Multimeric forms Affimers have been generated and shown to yield titres in the range of 200–400 mg/L under small-scale culture using bacterial host systems. Multimeric forms of Affimers with the same target specificity provide avidity effects in target binding.

Many different tags and fusion proteins, such as fluorophores, single-stranded DNA, His, and c-Myc tags can be conjugated to Affimers.[2][18][19][20][21][22] Specific cysteine residues can be introduced to the protein to allow thiol chemistry to uniformly orient Affimers on a solid support eg ELISA plates.[5][15][17][23][24] This flexible functionalisation of the Affimer molecule allows functionality across multiple applications and assay formats.

Properties

Affimers are recombinant proteins. As they are manufactured using recombinant bacterial production processes, the batch-to-batch consistency for Affimers is improved compared to polyclonal antibodies, overcoming some of the issues of reproducibility and security of supply.[2][3][17][25][26]
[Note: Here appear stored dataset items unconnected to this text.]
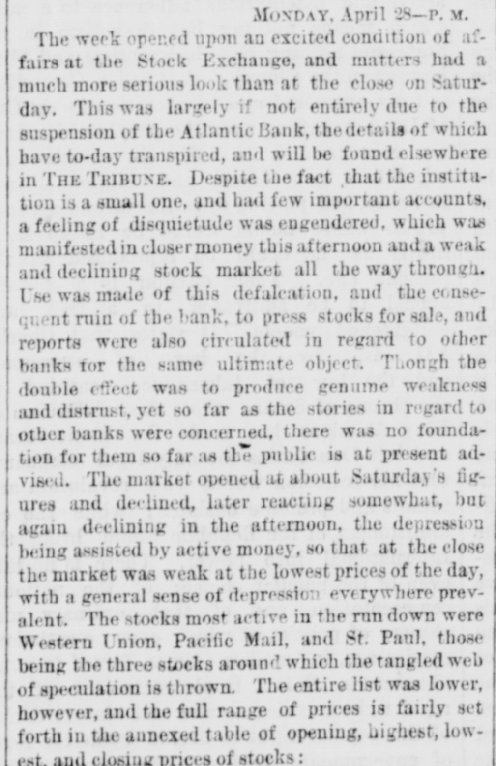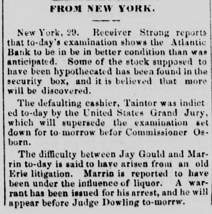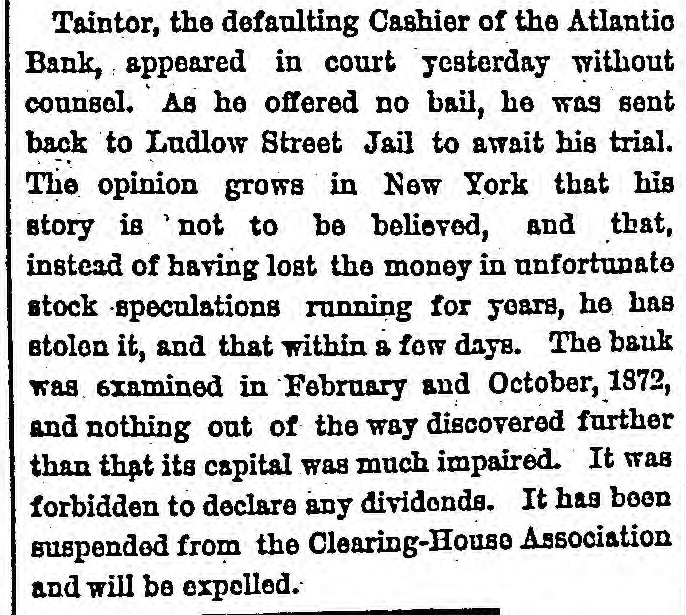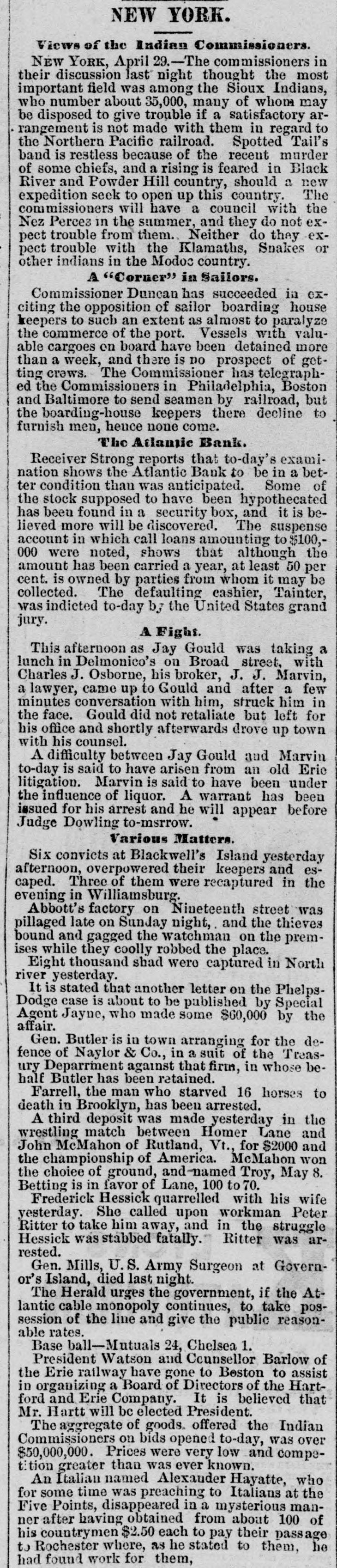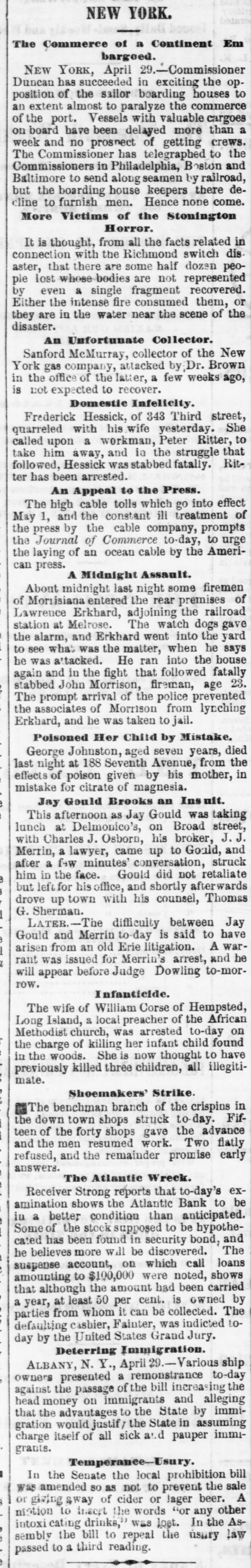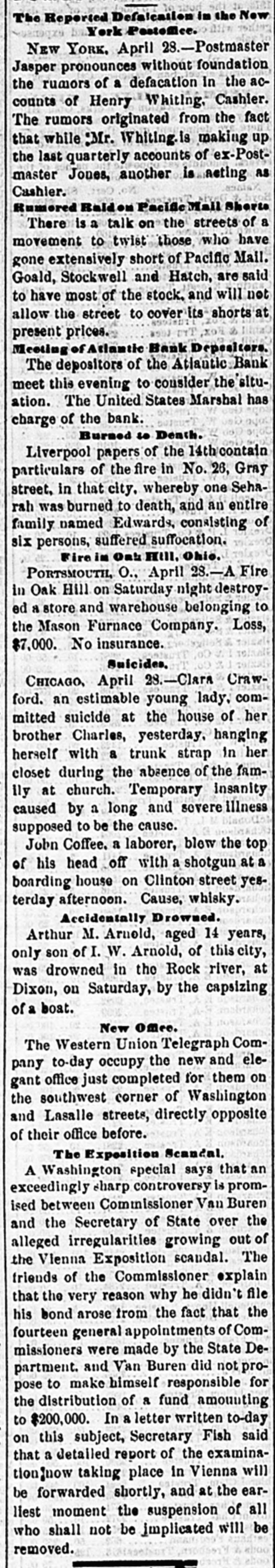 The Reported Defalcation in the New York Postofice. NEW YORK. April 28.-Postmaster Jasper pronounces without foundation the rumors of a defacation In the accounts of Henry Whiting. Cashier. The rumors originated from the fact that while Mr. Whiting is making up the last quarterly accounts of ex-Postmaster Jones, another is acting as Cashier. Rumored Raidon Pacific Mail Shorts There is a talk on the streets of a movement to twist those who have gone extensively short of Pacific Mail. Goald, Stockwell and Hatch, are said to have most of the stock. and will not allow the street to cover its shorts present prices. Meeting of Atlantic Bank Depositors. The depositors of the Atlantic Bank meet this evening to consider the situation. The United States Marshal has charge of the bank. Burned so Death. Liverpool papers of the 14th contain particulars of the fire in No. 26, Gray street, in that city. whereby one Seharah was burned to death, and an entire family named Edwards, consisting of six persons, suffered suffocation. Fire in Oak Hill. Ohio. PORTSMOUTH 0., April 28.-A in Oak Hill on Saturday night destroyed a store and warehouse belonging to the Mason Furnace Company. Loss, $7,000. No insurance. Suicides. CHICAGO. April 28.-Clara Crawford. an estimable young lady. committed suicide at the house of her brother Charles, yesterday. hanging herself with a trunk strap in her closet during the absence of the family at church. Temporary insanity caused by a long and sovere illness supposed to be the cause. John Coffee. a laborer, blew the top of his head off with a shotgun at boarding house on Clinton street yesterday afternoon. Cause, whisky. Accidentally Drowned. Arthur M. Arnold, aged 14 years, only son of I. W. Arnold, of this city, was drowned in the Rock river, at Dixon, on Saturday, by the capsizing of a boat. New Office. The Western Union Telegraph Comoccupy the new eleoffice just gant pany to-day completed for and them on the southwest corner of Washington and Lasalle streets, directly opposite of their office before. The Exposition Scandal. A Washington special says that an exceedingly sharp controversy is promised between Commissioner Van Buren and the Secretary of State over the alleged irregularities growing out of the Vienna Exposition scandal. The friends of the Commissioner explain that the very reason why he didn't file his bond arose from the fact that the fourteen general appointments of Commissioners were made by the State Department. and Van Buren did not propose to make himself responsible for the distribution of a fund amounting to $200,000. In a letter written to-day on this subject, Secretary Fish said that a detailed report of the examinationgnow taking place in Vienna will be forwarded shortly, and at the earliest moment the suspension of all who shall not be implicated will be removed.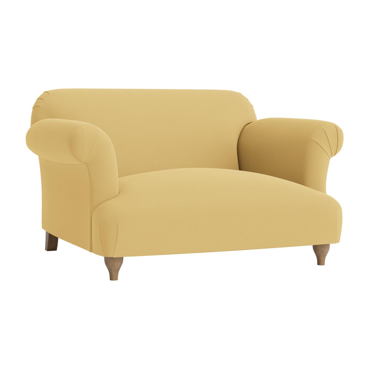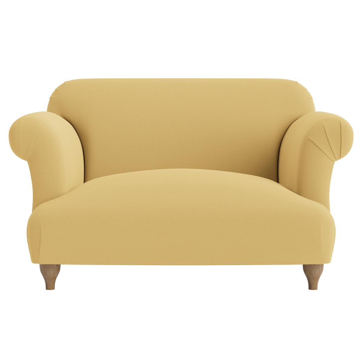 I love this sofa; its soft, rounded silhouette makes it a versatile piece that works well in both contemporary and classic interiors. Its cheerful yellow hue adds a pop of colour, making it an excellent statement piece or a tonal anchor in more neutral settings. For styling, consider pairing it with textured cushions and a cosy throw to enhance its inviting feel. It's perfect for cosy corners or small seating areas, especially in light-filled rooms. To keep it looking fresh, opt for understated accessories and a simple coffee table, allowing the sofa's playful shape and colour to do the talking.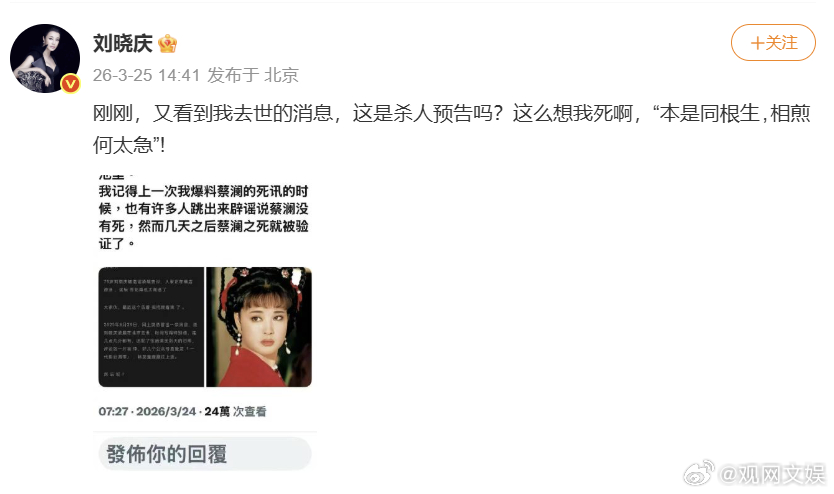 刘晓庆辟谣去世传闻3月25日,发文:刚刚,又看到我去世的消息,这是杀人预告吗?这么想我死啊,“本是同根生,相煎何太急”!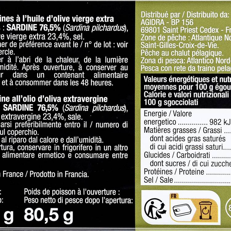 Origine : Sardines issues d’une fabrication française, préparées avec soin puis mises en boîte dans une huile d’olive vierge extra qui respecte le poisson et enrichit sa saveur.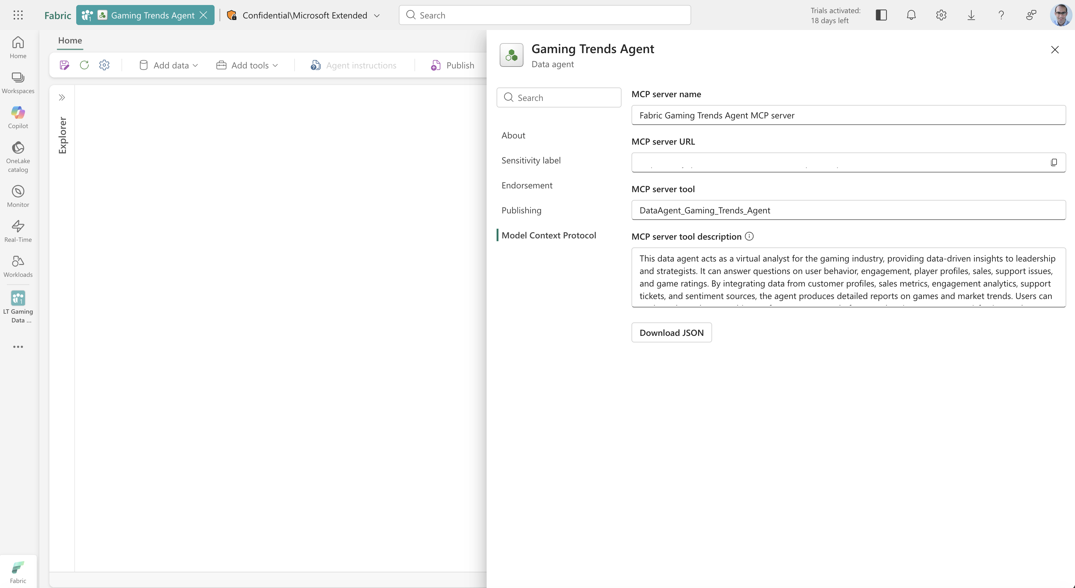 To get started, after publishing the data agent, go to the Settings of the agent and open the Model Context Protocol tab. Here you see the following information: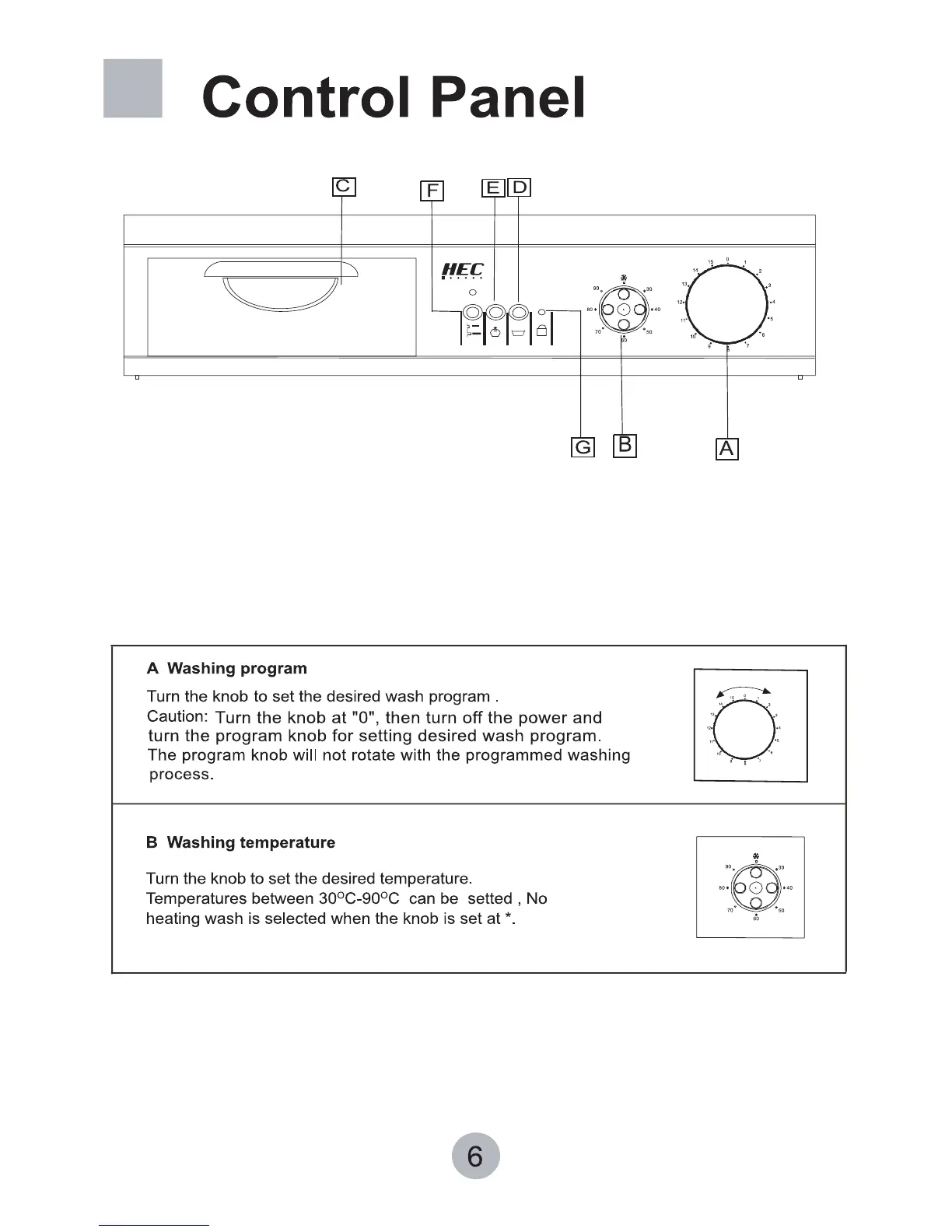 HEC HEC1050S - Control Panel; Washing Program Selection; Washing Temperature Setting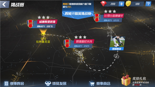 之后是排位赛,排位赛是我们跟其他玩家一决高下的比赛,战胜排名比自己高的玩家,我们的就可以上升到他所在的排名,拿到更高的排名,就可以每天获取更多的欧元,更多的宝石和更多的排位币。在排位赛中,我们无法进行操作,一切的战术指示都是按我们赛前的布置进行的。所以,我们需要观察对手的阵容,思考对手所采用的战术,在赛前就换一个能够克制他的战术。另外还有巡回赛和挑战赛,巡回赛需要派出自己的球员加入到其他球队的阵容中参加各地的商业赛;挑战赛每天都有15个关卡,我们要按照关卡条件去完成比赛,才能拿到最丰厚的奖励,否则我们仅仅只能通关。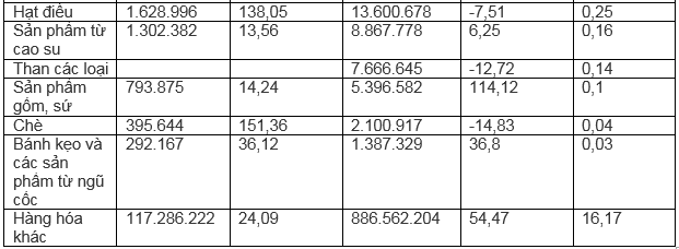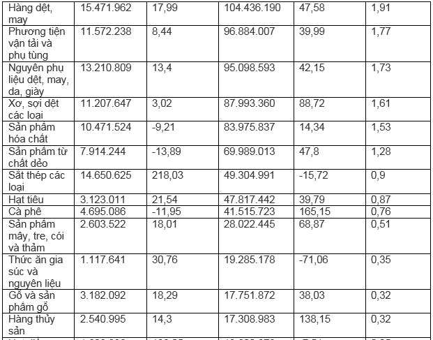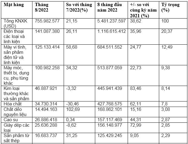 Trong 8 tháng đầu năm 2022, kim ngạch xuất khẩu một số nhóm mặt hàng có mức tăng trưởng so với cùng kỳ 8 tháng năm 2021: Hóa chất tăng 62,1%; giày dép các loại tăng 72,9%; xơ sợi dệt các loại tăng 88,7%; cà phê tăng 65,1%; thủy sản tăng 138,1%.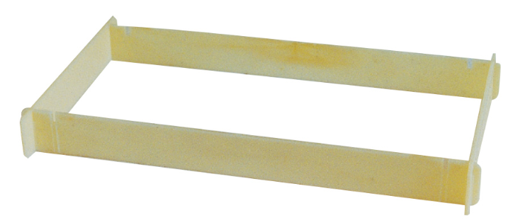 四个长条形塑料片,以相互插接的方式,拼装成一个长方形边框。用边框将立体足迹围住,向足迹浇筑石膏,液体石膏被限制在边框的范围内。石膏固化后形成整齐的长方形足迹模型。易于携带、存放。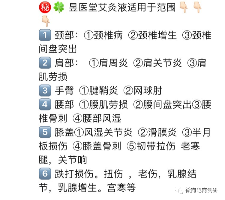 在产品的宣传资料上,还明确显示了昱医堂艾灸液的适用范围:针对颈部的颈椎病、颈椎增生、颈椎间盘突出;针对肩部的肩周炎、肩关节炎、肩肌劳损;针对手臂的腱鞘炎、网球肘;针对腰部的腰间盘突出、腰部风湿;针对膝盖的滑膜炎、老寒腿、风湿关节炎,甚至对乳腺结节、乳腺增生、宫寒等其他疾病也有奇效,可以说是包治百病。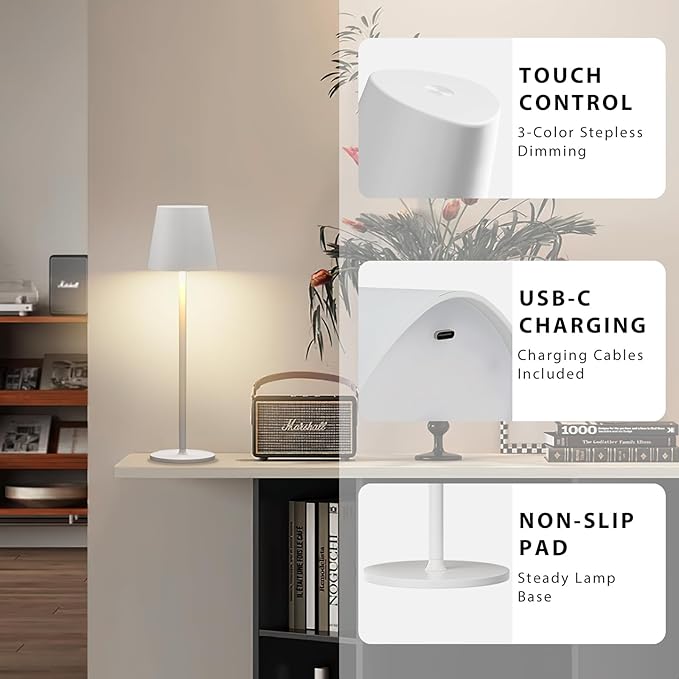 - 3 Color Temperatures Touch Lamp: The white cordless desk lamps are available to turn ON/OFF and switch the 3-color lighting modes by touching the button on the top of LED wireless lamp. Tap to change 3 color temperatures of lighting: 3000K warm white, 4000K natural white, 5000K daylight white. And long press the touch button to adjust the stepless brightness for each color lighting from 10% to 100% (With lighting memory function)

These synthetic antibodies were engineered to be stable, non-toxic, biologically neutral and contain no post-translational modifications or disulfide bridges.[7][8][10] Two separate loop sequences, incorporating a total of 12 to 36 amino acids, form the target interaction surface so interaction surfaces can range form 650–1000 Å. The large interaction surface results allows binding to target proteins.[5][7][10][15][17][18][27][28][29][30]

Applications

Affimer technology has been commercialised and developed by Avacta, who are developing these affinity reagents as tools for diagnostics and as biotherapeutics.

Reagents and Diagnostics

Affimer binders have been used across a number of platforms, including ELISA,[2][17][31] surface plasmon resonance,[32][31][33][34] affinity purification.[2][31][35] Affimers that inhibit protein-protein interactions can be produced with the potential to express these inhibitors in mammalian cells modify signalling pathways as cell therapies.[2][32][33][36][37]

Therapeutics

The small size and stability profile of Affimers combined with their human origin confer drug-like properties. This may represent advantages over antibodies in terms of tissue penetration, for example in solid tumours where Avacta are developing PD-L1 inhibitors as alternatives to Opdivo and Yervoy,[38] though requires half life modification to prevent rapid excretion through the kidney.

Affimers can be conjugated to form multimers for the design of therapeutics. Examples include the production of multi-specific Affimer molecules to albumin binders to increase their half-life in vivo and for use as the targeting moiety in chimeric receptors or modified to carry a toxin in Affimer-drug conjugates.[16][38][39]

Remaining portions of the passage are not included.